Вот и скрывался Павлуша в своей лодке, и дело это ему нравилось, и радовало, что работа продвигается не так уж и медленно — потопчины соорудил для ходьбы вдоль бортов и три переборки поставил для усиления лодки, форпик (это для топливного бака на шестьдесят литров), заднюю стенку каюты и ахтерпик.

Тихий стоял августовский вечер, и было часов около одиннадцати. Белые ночи давненько уже обессилели и упорхнули отдыхать до следующего лета, небо стало сине-зеленым, тугим, высоким. В тишине иной раз посвистывала электричка, земля темна и дома темны, словно бы они вырезаны из фанеры, над домами узкой полосой лился слабый зеленый свет, звезды были мелки, а серп луны четок и ярок — можно работать и при лунном свете, но Павлуша для верности жег керосиновую лампу. Иногда глубоко в небе мерцали огни — то пролетал самолет. Пелена, сотканная из покоя, прохлады и вечерней неуловимой влаги, окутала землю, продлилась еще, вечер позднего лета, не покидай душу, покой предночный.

Сейчас собственная дальнейшая жизнь казалась Павлуше радостной загадкой, и разгадка не сулила, конечно, ни беды, ни тревоги.

Ему оставалось всего-то ввинтить два-три шурупа, чтоб на сегодня работу закончить, как вдруг услышал он осторожные шаги у лодки.

— Кто? — недовольно спросил Павлуша.

— Да я это.

— Люба? — удивился Павлуша и выглянул из лодки — Вот так штука.
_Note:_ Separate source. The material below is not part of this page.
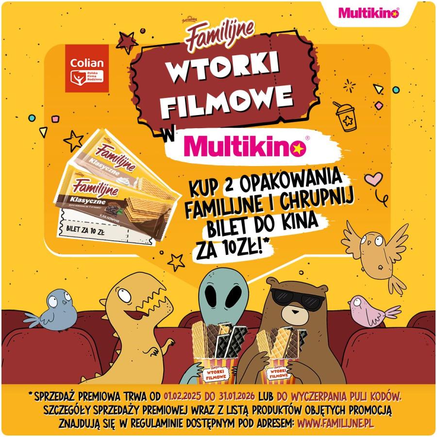 „Familijne wtorki filmowe” to doskonała okazja do tego, żeby zapomnieć o jesienne aurze i wybrać się do kina na najnowsze filmowe premiery w bardzo korzystnej cenie. W celu skorzystania z promocji wystarczy zakupić jeden z produktów marki Familijne na przykład: Familijne wafle klasyczne o smaku śmietankowym lub Familijne wafle gofrowe o smaku czekoladowym. Następnie na stronie familijne.pl należy wypełnić zamieszczony formularz zgłoszeniowy załączając między innymi dowód zakupu (skan paragonu lub faktury). Po wysłaniu formularza i pozytywnej weryfikacji uczestnik akcji otrzyma smsem na podany wcześniej numer telefonu kod promocyjny uprawniający do odbioru we wtorek biletu zł w wybranym kinie sieci Multikino.

Случилось что? Отец послал посмотреть, как идут дела?

— Нет, я просто так. Я, может, давно не видела тебя. И, может, увидеть хочу.

Он скорехонько выпрыгнул из лодки и сел на ступеньку. Не во сне это — Люба перед ним. И видел-то всего раз, а скучал по ней, а сейчас обрадовался так, что сердце гулко заколотилось.

— Ты почему не появляешься? Ведь вон когда прибыл.

— Где ты живешь, не знаю. Мог бы узнать у своего отца, но как пойти к тебе домой? Вот когда лодку доделаю…

— Значит, не хотел увидеть.

— Очень хотел. Даже снилась.

— Даже снилась. Значит, не хотел увидеть.

— Очень хотел. Даже, говорю, и снилась.

— Даже и снилась. А что же на работе не нашел?

— А я не знаю, где ты работаешь.

— Ты не из детского сада, нет? Нашел бы. На рынке, в уцененных товарах.

— Значит, найду.

— И раньше мог, если б захотел.

— Да ты замерзла, поди, — сказал Павлуша.

На Любе было легкое платье. Он протянул руку и дотронулся до Любиного плеча. То есть он хотел согреть ее плечо горящей своей ладонью, и только, — погладить плечо он не осмелился бы, потому что как раз смелости да и сноровки в нем не было, но Люба-то поняла, что есть в нем и смелость и сноровка, и подалась вперед, к Павлуше, совсем приблизилась к нему, а Павлуша, вдруг растворившись в ее желании, припал к ее рту, и губы ее, во сне сухие, сейчас были влажны и горячи, и Люба как бы обмерла в напряжении, и дыхание ее участилось. Павлуши сейчас как бы и не было, сознание его померкло, слаще не было минуты в его жизни — размытое в лунном свете ее лицо, вздрагивающие ноздри, и кожа, невозможно гладкая, как бы пульсирующая кожа — все так. Но вдруг в сознание Павлуши стало проникать что-то такое уж знакомое, повседневное, что-то уж очень близкое, что вошло в жизнь, как атмосферный столб, солнечный свет либо осенний дождик, — то был винный запах, и Павлуша, ненавидящий спиртное, узнал, что это не легкий запах шампанского, но тяжелый запах водки либо заменителя типа «клопомор», и этот запах был так неожидан, что Павлуша отпрянул.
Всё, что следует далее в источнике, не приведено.